**HOW TO COMPLETE THIS TASK:** Output only the lines below from the one holding "Παρουσία πλήθους κόσμου, η" down to the one holding "The SparkFun Micro", both end lines included and every picture dropped.

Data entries
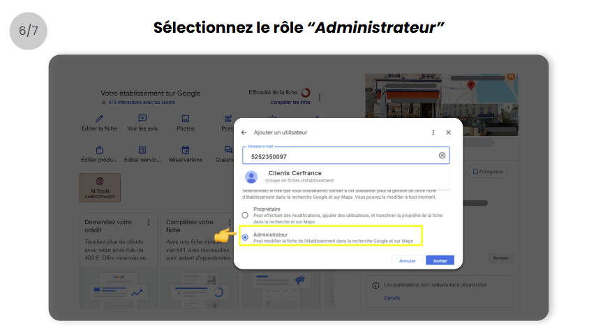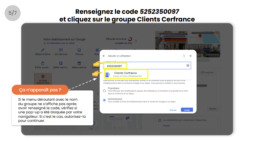 Partagez avec Clients Cerfrance la gestion de votre fiche Google.
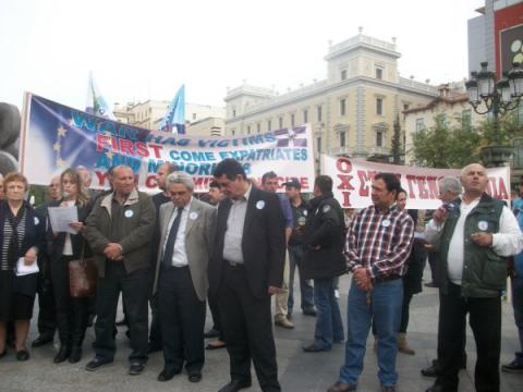 Παρουσία πλήθους κόσμου, η Ηλέκτρα Κίκη, μέλος της Συντονιστικής Επιτροπής, κήρυξε την έναρξη της εκδήλωσης, διαβάζοντας το υπόμνημα που αργότερα θα επιδίδετο στον Πρόεδρο της Βουλής Ευάγγελο Μεϊμαράκη, στο οποίο τονιζόταν η άδικη και κατά παράβαση του Διεθνούς Δικαίου περικοπή των συντάξεων και οι καταστροφικές συνέπειες που θα ακολουθήσουν και ζητούσε από Κυβέρνηση και Βουλή την κατάργηση της περικοπής αυτής.
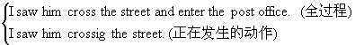 前者表示“看见某人做了某事”,后者表示“看见某人正在做某事”。比较:
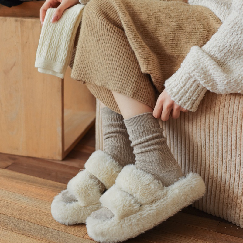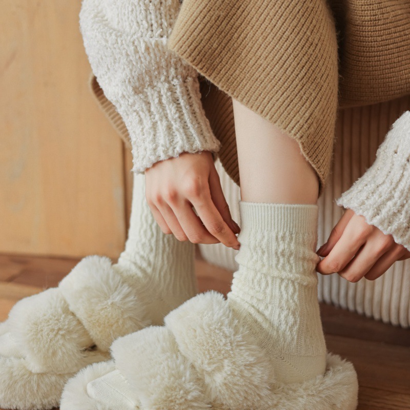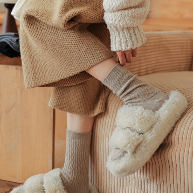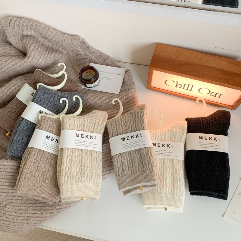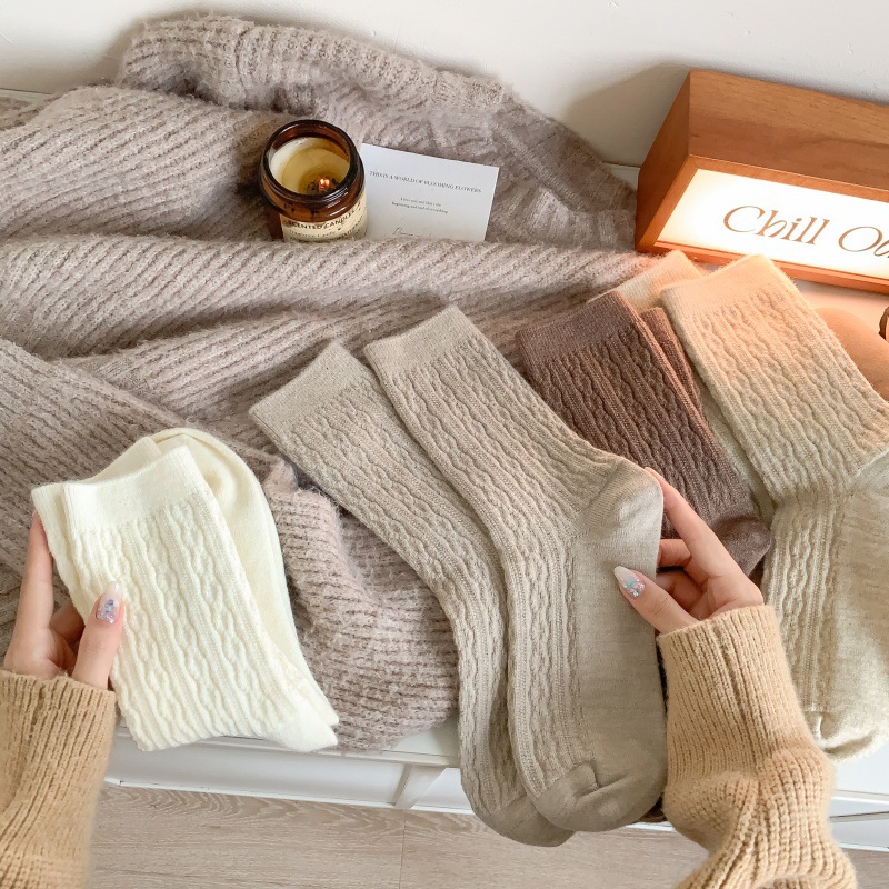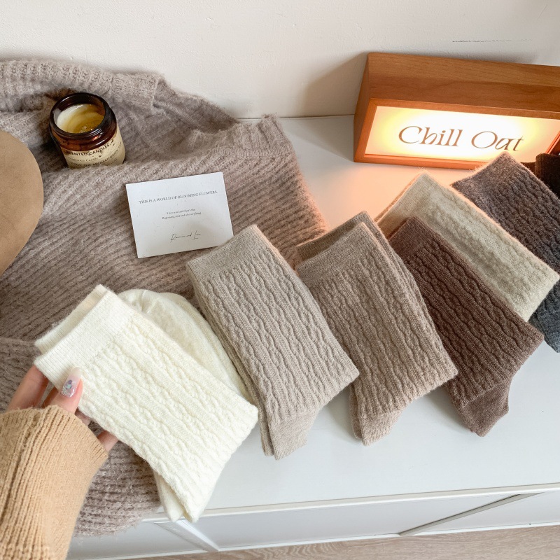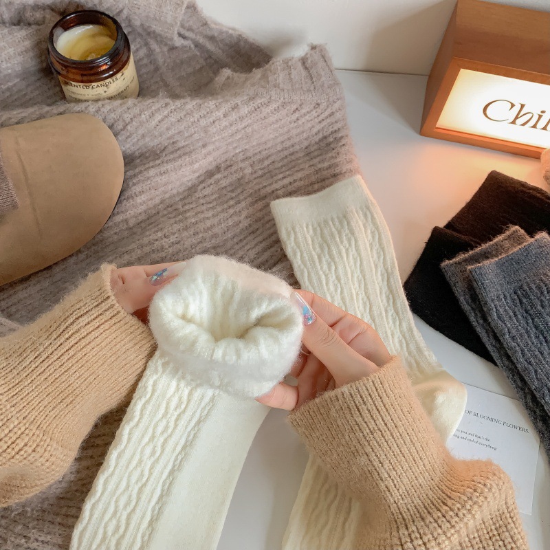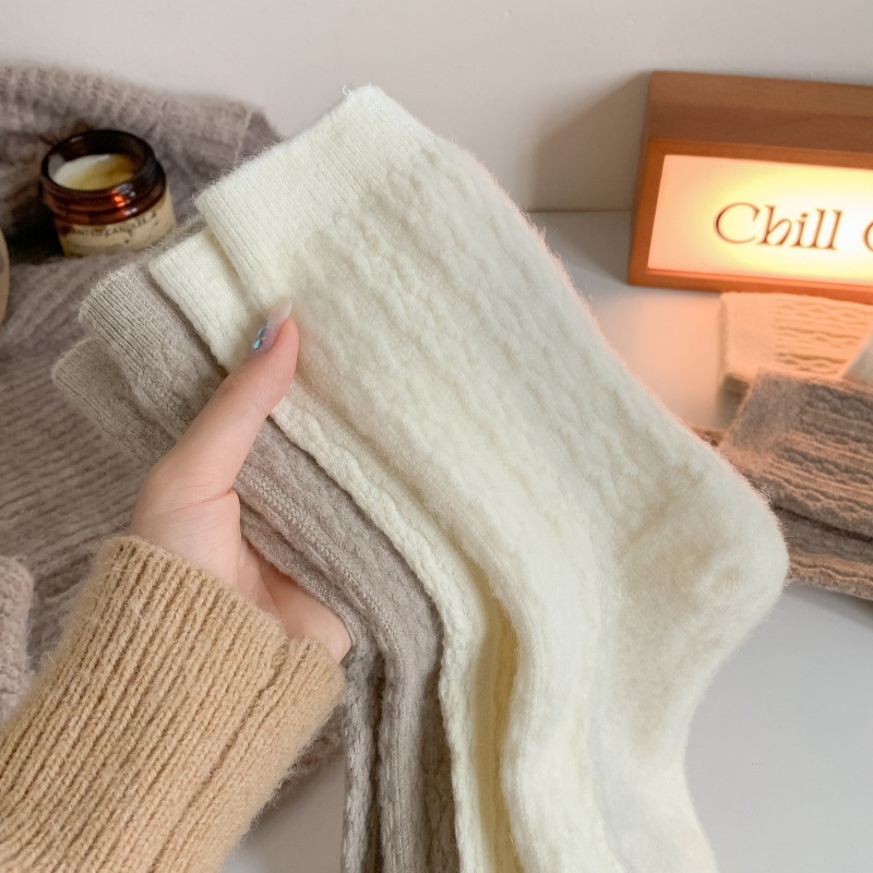가을 겨울 한국식 이중 바늘 보풀 방지 기모 양 양말 - 작은 트위스트 인 트렌디한 다용도 두꺼운 따뜻한 파일 양말스토어 가기
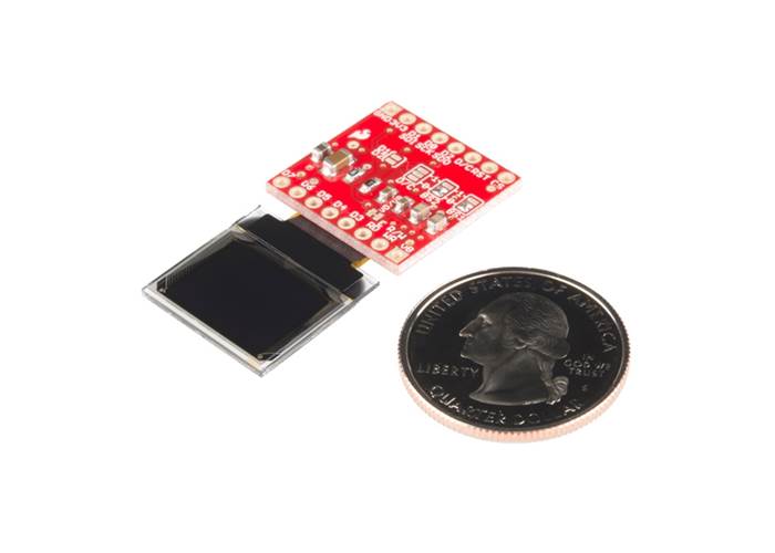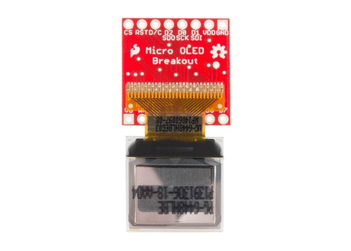 The SparkFun Micro OLED Breakout Board breaks out a small monochrome blue-on-black OLED. It’s "micro" but it still packs a punch – the OLED display is crisp and you can fit a deceivingly large amount of graphics on there.
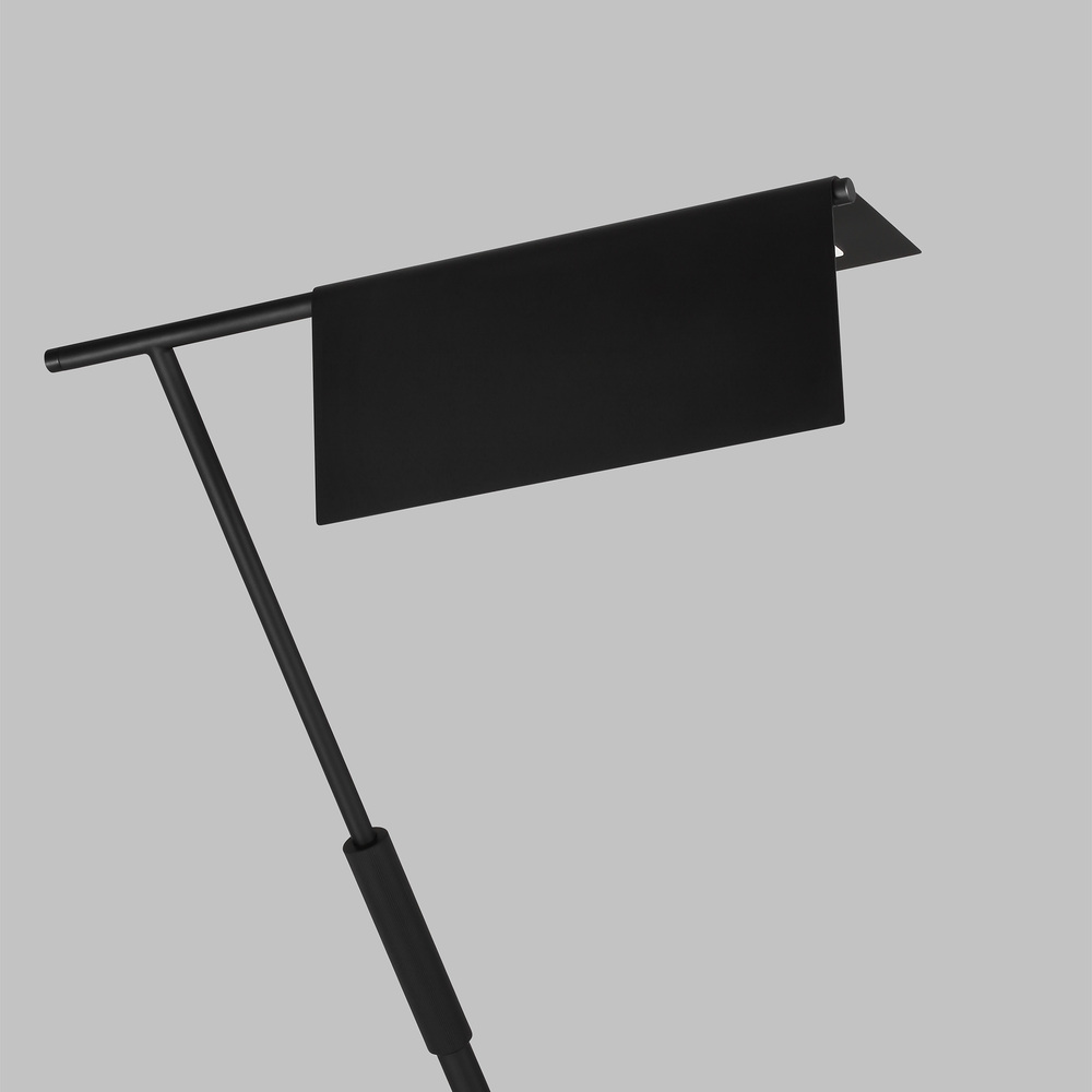 The Foles one light table lamp in midnight black by Chapman & Myers is a modernized version of a classic tent shade pharmacy lamp. The shade on each Foles Pharmacy light is formed from a sheet of metal which has been bent to drape over the frame in a traditional tent profile. The shade is supported by a simple metal tube framework and is counterbalanced with a distinctive cylindrical metal foot.

**RESULT FOR THIS TASK:**
 Παρουσία πλήθους κόσμου, η Ηλέκτρα Κίκη, μέλος της Συντονιστικής Επιτροπής, κήρυξε την έναρξη της εκδήλωσης, διαβάζοντας το υπόμνημα που αργότερα θα επιδίδετο στον Πρόεδρο της Βουλής Ευάγγελο Μεϊμαράκη, στο οποίο τονιζόταν η άδικη και κατά παράβαση του Διεθνούς Δικαίου περικοπή των συντάξεων και οι καταστροφικές συνέπειες που θα ακολουθήσουν και ζητούσε από Κυβέρνηση και Βουλή την κατάργηση της περικοπής αυτής.
 前者表示“看见某人做了某事”,后者表示“看见某人正在做某事”。比较:
가을 겨울 한국식 이중 바늘 보풀 방지 기모 양 양말 - 작은 트위스트 인 트렌디한 다용도 두꺼운 따뜻한 파일 양말스토어 가기
 The SparkFun Micro OLED Breakout Board breaks out a small monochrome blue-on-black OLED. It’s "micro" but it still packs a punch – the OLED display is crisp and you can fit a deceivingly large amount of graphics on there.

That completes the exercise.